Les arts dans la rue à Châtillon

14ème Festival « Les arts dans la rue à Châtillon »

p2bymshuten1300dpi.jpgLes 24 et 25 septembre, un festival de spectacles de rue s’est installé, comme chaque année, à Châtillon. Quelque vingt compagnies de théâtre et de cirque, des orchestres et des danseurs viennent battre l’asphalte de cette petite ville, située à seulement quelques minutes de  Paris. Mais le détour n’en vaut pas forcément la peine…
Il suffit d’un rapide parcours dans le centre ville pour se rendre à l’évidence : ce festival manque cruellement d’identité et de caractère, bien qu’il s’agisse de sa quatorzième édition. Toute personne venue chercher des propositions engagées et innovantes en matière d’art de rue sera déçu : le curseur critique oscille entre « le déjà-vu bien fait » et le « réchauffé écœurant », tout cela dans un esprit général politiquement correct et bien pensant.
Le festival de Châtillon, c’est d’abord du théâtre pour enfant de piètre qualité : des chats dans une poubelle dont la bêtise fait peur plutôt que rire (compagnie Stickleback Plasticus) ; un clown pipi-caca que les programmateurs osent considérer comme héritier de Charlot (compagnie Elastic) ; des fables écologiques à ce point caricaturales et moralisatrices qu’elles relèvent plus de dogmes que d’histoires traitant de notre mode de consommation (compagnie La chose publique).
À cela s’ajoute une bonne programmation musicale : mais est-il besoin d’un festival d’arts de rue pour faire défiler des fanfares ? Les fêtes de villages ne manquent pourtant pas ! À noter deux curiosités, tout de même : la première est l’utilisation ludique, par les musiciens de la compagnie La Preuve par 9, d’objets de récupération et autres cornets hétéroclites ; la seconde est un orchestre de percussions taillées dans du bambou :  les  nombreux musiciens, parfois très jeunes, produisent une ensemble très cohérent (collectif Pousses de Bamboo orchestra).
Enfin, le théâtre de Châtillon, programmateur du festival, a fait venir quelques compagnies de cirque et de danse qui n’ont pas su élever le niveau d’ensemble, surtout  quand elles  s’aventurent dans des domaines pseudo-poétiques ou faussement interactifs…

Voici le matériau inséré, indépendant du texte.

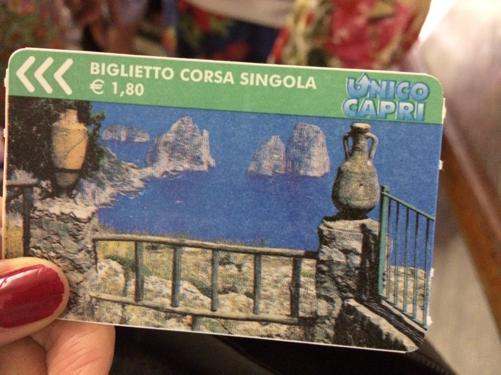 カプリ島は山のような地形のため、メインエリアへ行くには山を登ることになり、ケーブルカーを使って行きます。荷物が多いので、チェックインと昼食をとるためにまず使用しました。

Où donc se terre l’esprit de la rue, lieu de toutes les révoltes ? Cet espace, fonctionnel s’il en est, ne doit-il pas être interrogé, déstructuré et réévalué par tout artiste qui souhaite y travailler ? Sinon quel intérêt y aurait-il à se produire dans un lieu inadapté ,à bien des égards,  aux spectacles ?
Ces questions, pourtant fondamentales, seraient restées lettre morte à Châtillon s’il n’y avait eut la compagnie P2BYM. Deux danseurs, Yui Mitsuhashi et Patrice de Bénédetti, se confrontent à trois espaces urbains différents : le passage piétons d’un feu tricolore, un abribus, une place avec réverbères. Sans musique et avec un minimum d’accessoires, ils remplissent ces lieux de gestes saccadés, de figures et de corps emmêlés. Par contraste, ils mettent en valeur et en question la fonction de ces espaces, car les piétons continuent de traverser et les bus de passer.
Leur présence suffit à créer une sorte de miroir qui déforme toute l’activité humaine des alentours : un homme qui balaye la rue, une dame promenant son chien, un conducteur écoutant sa musique trop fort prennent alors une dimension comique  et 
esthétique, puisque les règles d’usage s’en trouvent transformées.
Mais il serait bon que l’équipe de programmation fasse de même, et réfléchisse aux intérêts et aux enjeux d’un festival de rue à Châtillon.